***Being posted on October 6th after having to leave for lunch on the 3rd***
I've always been quite grateful for the breadth that my project encompasses (while the other half of the time I'm panicking about how any of the objectives will be completed within the given time frame).
As an experimentalist, I work on two very different behaving materials, polycrystalline nickel and nanocrystalline nickel. While on the characterization side the primary source of my data comes from EBSD, but the CMU Physics group has also provided an HEDM dataset which provides an immense amount of information to be found.
However, to play around with simulation work really adds another side to my research work. While we design experiments with controls and variables to investigate what we like, ultimately natural laws and physics still dictate the behavior of atoms and molecules. What we discover, helps us understand the things that were not clear before. But when one works with simulations, they dictate the laws, they make the rules, the make things that cannot happen. We, the scientist, get the opportunity to truly manipulate the experiment.
Of course, we could design anything, but in the end, we have to design simulated microstructures that behave similar to real microstructures in order to contribute to the field of science.
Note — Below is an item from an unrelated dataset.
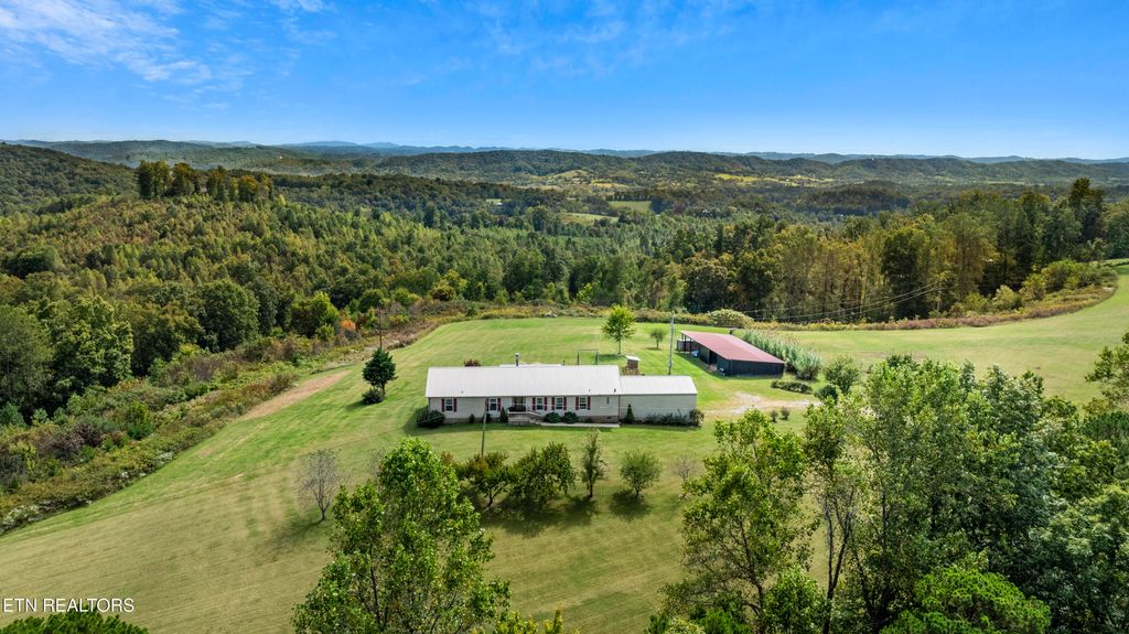 PEACEFUL, COUNTRY LIVING IN SHARPS CHAPEL, TENNESSEE!!! Discover This Beautifully maintained 4-bedroom, 2 Full Bathroom home nestled on over 10 acres of tranquil countryside. Located in the picturesque Sharps Chapel, the property offers breathtaking views, a spacious barn with concrete floor, mature fruit trees perfect for seasonal harvest, a charming chicken coop for your feathered friends, and seasonal views of Norris Lake to enjoy!

The model I primarily work with for microstructure evolution is the Potts model, which labels each individual grain as a spin "number", and grows or shrinks based on the number of neighbors. As a result, the model is curvature driven and aims to reduce the overall energy by eliminating the number of grains with time, thereby eliminating grain boundaries. It should be important to point out that grain boundaries are indiscrete in this model, that is, they are not defined, but exist at the points where two different spins interact. This brings about an interesting point that we assign factors such as grain boundary mobilities, energy, and so forth, based on the original spin site and the neighboring spin sites that we pick at the simulation step. As we add more factors and complexity to our model, the probability to change a spin, that results in grain growth, becomes the aggregate of several energy arguments. Because all terms considered end up in the same summation, this leads to interesting competing effects or even domination of one term over all the others.
The simplicity of the Potts model is ideal as it keeps calculations to a minimum, maximizing the simulation speed. Potts model has been thoroughly applied to grain growth and recrystallization, and in turn, I eventually hope to develop a feasible Potts model exhibiting twinning.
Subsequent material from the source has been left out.